Some data released by the state shows that one major fear among gun owners has not come to fruition: Law enforcement officials have not gone out of their way to enforce provisions of the Safe Act against otherwise law-abiding state residents.

Through late September, when data was most recently available, the state’s Division of Criminal Justice Services said no arrests had been reported to the agency for the misdemeanor of failing to register an assault weapon — the requirement that many gun owners have openly defied.

In total, there have been about 3,300 instances in which a person was charged with at least one offense established by, or strengthened under, the Safe Act, such as possessing a weapon on school grounds or buying a gun for another person who is forbidden to have one. (In those instances in which a person was charged with multiple Safe Act offenses, state records showed only the most serious charge.)

In 92 percent of cases, the charge was criminal firearm possession, a newly created felony; most of those were in either Brooklyn or the Bronx. The district attorneys in those boroughs said that in some instances in the past, those found with an unlicensed handgun could be charged only with a misdemeanor; now, they can be charged with a felony, which carries a stiffer sentence.

As he campaigns for re-election, Mr. Cuomo has trumpeted the Safe Act in some, but not all, of his appearances. At a rally in the Riverdale section of the Bronx in September, he spoke of his work on gun control, same-sex marriage and abortion rights to show how he was trying to restore New York as “the progressive capital of the nation.”

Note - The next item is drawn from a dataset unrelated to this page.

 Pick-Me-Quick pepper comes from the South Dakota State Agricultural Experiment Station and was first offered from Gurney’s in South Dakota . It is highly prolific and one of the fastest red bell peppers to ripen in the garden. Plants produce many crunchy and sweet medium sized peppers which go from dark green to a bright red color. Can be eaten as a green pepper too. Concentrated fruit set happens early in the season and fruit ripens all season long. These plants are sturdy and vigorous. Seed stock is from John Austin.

“We said, let’s take those tough issues and solve them and show leadership,” the governor said. “Let’s take the issue of gun violence, where too many innocent people have died, and let’s pass sensible gun control once and for all, and don’t tell me it can’t be done. I’ll show you it can be done. And that law is going to save lives.”

At a speech three days later in Buffalo, Mr. Cuomo discussed only same-sex marriage and abortion rights, not gun control.

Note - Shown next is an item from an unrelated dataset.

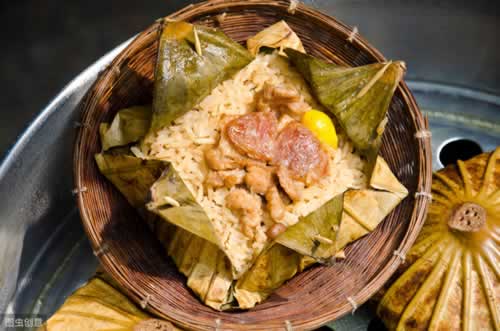 荷叶饭是广东的名小吃,又称荷包饭,是以荷叶包裹米饭和肉馅蒸制而成。人民对荷叶饭十分喜爱,有民谣为证:泮塘十里尽荷塘,妹妹朝夕采摘忙,不摘荷花摘荷叶,荷叶包饭比花香!

In a poll conducted by Siena College in March, the Safe Act drew support from 63 percent of voters statewide. But opinions varied significantly by region: 79 percent of voters in New York City and 63 percent in the city’s suburbs approved of the laws, compared with only 45 percent in upstate New York.

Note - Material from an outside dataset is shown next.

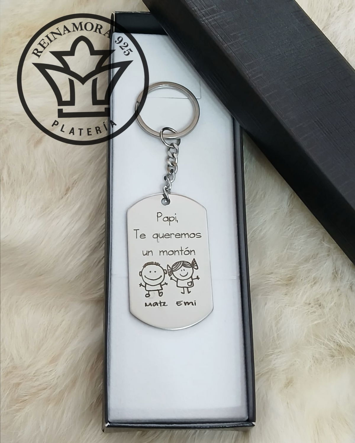 La medalla mide 50x30mm. El grabado es en ambos lados. Puede grabar datos personales, logos y frases.

“The Safe Act is viewed very differently depending on which county you’re in,” Frank A. Sedita III, the Erie County district attorney, said. Mr. Sedita said the new laws have had “a negligible effect on how I do my job” in prosecuting gun crimes.

On a Sunday in late September, more than 400 gun-rights advocates crowded into a hotel ballroom on Long Island to hear Mr. Astorino and others criticize Mr. Cuomo and the Safe Act.

“It literally made criminals out of law-abiding citizens overnight,” Mr. Astorino, the Westchester County executive, told the crowd at the Firearm Civil Rights Conference in Hauppauge. “Governor Cuomo took away your rights. Take away his job.”

With voter-registration cards waiting on every seat, the message was clear: Gun owners should have a say in November’s election.

That sentiment was echoed by James W. Porter II, the president of the National Rifle Association, who, at the same event, called the Safe Act “pure government-sanctioned lawlessness,” which attracted loud applause.

“Y’all are on the front lines of defending our constitutional rights and protections,” Mr. Porter said.

Several of those in attendance said that with the Safe Act, Mr. Cuomo was focused only on regulating responsible gun owners.

“If you keep changing the laws and think it’s going to stop violence, I just don’t understand that,” Candace Dein, 62, of West Islip said as she flipped through a magazine about handguns. “I don’t understand why they’re going after the people who have legal guns.”

Gregory Farren, 67, a Democrat from Flushing, Queens, said the November election was crucial for gun advocates. He wore an Astorino campaign sticker.

“My ability to own guns,” he said, “is at stake this year.”